因此,我们对图像进行去噪并检测边缘。这三个图像都帮助像素分类器区分正面和负面像素。

from skimage import filters

def generate_feature_stack(image):
    # determine features
    blurred = filters.gaussian(image, sigma=2)
    edges = filters.sobel(blurred)

    # collect features in a stack
    # The ravel() function turns a nD image into a 1-D image.
    # We need to use it because scikit-learn expects values in a 1-D format here. 
    feature_stack = [
        image.ravel(),
        blurred.ravel(),
        edges.ravel()
    ]
    
    # return stack as numpy-array
    return np.asarray(feature_stack)

feature_stack = generate_feature_stack(image)

# show feature images
import matplotlib.pyplot as plt
fig, axes = plt.subplots(1, 3, figsize=(10,10))

# reshape(image.shape) is the opposite of ravel() here. We just need it for visualization.
axes[0].imshow(feature_stack[0].reshape(image.shape), cmap=plt.cm.gray)
axes[1].imshow(feature_stack[1].reshape(image.shape), cmap=plt.cm.gray)
axes[2].imshow(feature_stack[2].reshape(image.shape), cmap=plt.cm.gray)
<matplotlib.image.AxesImage at 0x7f817b16d5e0>
../_images/b758f7a8310afa15b17b7aadf15695b53b9d181ebf110a28dfc9f19689c079a0.png

格式化数据#

我们现在需要格式化输入数据,使其符合scikit-learn的要求。Scikit-learn要求输入数据为形状为(n, m)的数组,标注为(n)。n对应于像素数量,m对应于特征数量。在我们的例子中,m = 3。

def format_data(feature_stack, annotation):
    # reformat the data to match what scikit-learn expects
    # transpose the feature stack
    X = feature_stack.T
    # make the annotation 1-dimensional
    y = annotation.ravel()
    
    # remove all pixels from the feature and annotations which have not been annotated
    mask = y > 0
    X = X[mask]
    y = y[mask]

    return X, y

X, y = format_data(feature_stack, annotation)

print("input shape", X.shape)
print("annotation shape", y.shape)
input shape (200, 3)
annotation shape (200,)

训练随机森林分类器#

我们现在通过提供特征堆栈X和标注y来训练随机森林分类器

classifier = RandomForestClassifier(max_depth=2, random_state=0)
classifier.fit(X, y)
RandomForestClassifier(max_depth=2, random_state=0)

预测像素类别#

分类器训练完成后,我们可以用它来预测整个图像的像素类别。注意在以下代码中,我们提供了feature_stack.T,这比上面命令中的X包含更多像素,因为它还包含了之前未标注的像素。

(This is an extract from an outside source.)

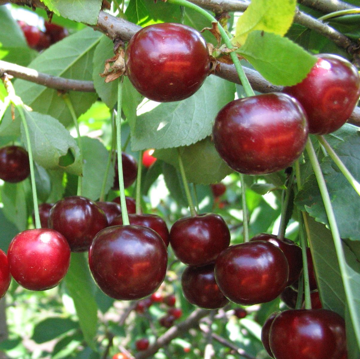 Саженцы вишни обыкновенной Загорьевская всегда есть в продаже и, благодаря своей востребованности, имеют доступную стоимость. Дерево этой формы низкорослое, кустообразное, не превосходящее высоту 2,5-3 метра. Крона не обладает густотой, но широкая и раскидистая. Крупномер вишни Загорьевская хорошо произрастает на песчаных, питательных и легких почвах. Цветение приходится на конец мая. Созревает в июле-августе. Плоды имеют среднюю массу – 3,5-3,8 г. Окрас темно-бордовый, почти коричневый. Насыщенно-красная мякоть имеет приятный шоколадный привкус. Достоинства: высокая морозоустойчивость.

res = classifier.predict(feature_stack.T) - 1 # we subtract 1 to make background = 0
imshow(res.reshape(image.shape))
<matplotlib.image.AxesImage at 0x7f817b59fd90>
../_images/23edf1b6e617742de3a105ad06fdec106e70eedfadaa3a9c48a3b64077e1278a.png

交互式分割#

我们还可以使用napari来标注一些区域为负面(标签 = 1)和正面(标签 = 2)。

# start napari
viewer = napari.Viewer()

# add image
viewer.add_image(image)

# add an empty labels layer and keet it in a variable
labels = viewer.add_labels(np.zeros(image.shape).astype(int))
/Users/haase/opt/anaconda3/envs/bio_39/lib/python3.9/site-packages/napari_tools_menu/__init__.py:165: FutureWarning: Public access to Window.qt_viewer is deprecated and will be removed in
v0.5.0. It is considered an "implementation detail" of the napari
application, not part of the napari viewer model. If your use case
requires access to qt_viewer, please open an issue to discuss.
  self.tools_menu = ToolsMenu(self, self.qt_viewer.viewer)

标注至少两个区域(标签1和2)后继续。

截取标注的屏幕截图:

napari.utils.nbscreenshot(viewer)

从napari层中检索标注:

manual_annotations = labels.data

imshow(manual_annotations, vmin=0, vmax=2)
/Users/haase/opt/anaconda3/envs/bio_39/lib/python3.9/site-packages/skimage/io/_plugins/matplotlib_plugin.py:150: UserWarning: Low image data range; displaying image with stretched contrast.
  lo, hi, cmap = _get_display_range(image)
<matplotlib.image.AxesImage at 0x7f8158e05a30>
../_images/67c29ed380e1a668e4a445323afcf27152684d00e1cd5f2886fc003901caddf8.png

由于我们在上面的例子中使用了函数,我们可以直接用手动标注重复相同的步骤。

# generate features (that's actually not necessary, 
# as the variable is still there and the image is the same. 
# but we do it for completeness)
feature_stack = generate_feature_stack(image)
X, y = format_data(feature_stack, manual_annotations)

# train classifier
classifier = RandomForestClassifier(max_depth=2, random_state=0)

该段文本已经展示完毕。